When prepping for the surgery, the patient will be asked to empty their bladder, wear a hospital gown, remove any dentures or plates, remove contacts, eyeglasses, and jewelry, as well as hair pins, nail polish, and make-up.
During this approximately 6 hour surgery, and depending upon which transplant option the recipient is scheduled for, either single or double transplant, an incision will be made on either one side of the chest, follow the entire width of the chest, or be two separate incisions on both sides of the chest. During the surgery, the patient will most likely be placed on cardiopulmonary bypass, a machine the patients’ blood flows through to ensure oxygen rich blood is pumped back into the body. Once the new lungs are placed, blood vessels are secured and viable, and air can flow through the new lungs, the bypass will be shut off and the blood will flow through the heart, and air through the new lungs.
The surgery is over – the journey has just begun. While a lung transplant can take away breathlessness and improve quality of life, recovery from this fragile surgery and efforts to help the recipient’s body accept the new organs is a delicate process. The journey will begin in the ICU, where the patient will receive 24 hour care by specialized professionals trained in the unique needs of transplant patients and their families. The amount of time spent in the ICU depends upon the individual circumstances and complications that may/may not occur. In the operating room the patient will have been put on a ventilator, and a tube will have been placed in the trachea, through the mouth. This ventilator will breathe for the patient during this time, and will be set according to the specific needs of the patient. It will be monitored constantly, and adjusted as needed, to ensure accuracy and optimal precision in each breath. This will remain for a time in the ICU while the patient recovers. There will also be a “feeding tube” placed into the stomach to drain stomach secretions, and nutrients will be placed in an IV to ensure proper nutrition takes place.

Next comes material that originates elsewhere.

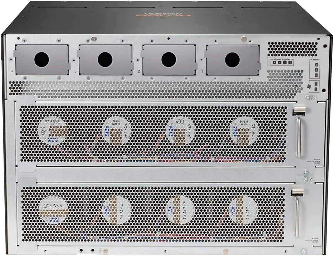 The HPE Aruba Networking CX 6405 v2 Switch is a state-of-the-art modular Layer 3 switch designed for enterprise network deployment in campus and data center environments. It features a cloud-native design and is part of the Aruba CX 6400 Switch Series, equipped with a fully programmable AOS-CX operating system and the advanced Network Analytics Engine (NAE) for enhanced monitoring and troubleshooting. This switch offers a 5-slot chassis for flexibility and scalability, providing support for various line cards enabling connectivity options such as 1GbE, 10GbE, and up to 100GbE, including Smart Rate multi-gigabit connectivity with PoE capabilities. It supports a broad range of advanced routing protocols and security features, ensuring robust and secure performance across the network. Its efficient architecture designed with Gen7 ASIC technology guarantees low latency and high throughput, making it an ideal solution for organizations looking to modernize their network infrastructure.

Fighting the immune system against rejection of the new organs can sometimes be difficult, and some degrees of complications are impossible to avoid. The recipient will likely be prescribed medication to improve acceptance of the organs, which can cause side effects. These can include things such as diabetes, kidney damage, and increased likelihood of infections. However, even with the complications that can and will be encountered after this surgery, most patients will tell you they have no limitation on their physical activity, and many return to and continue to work after healing.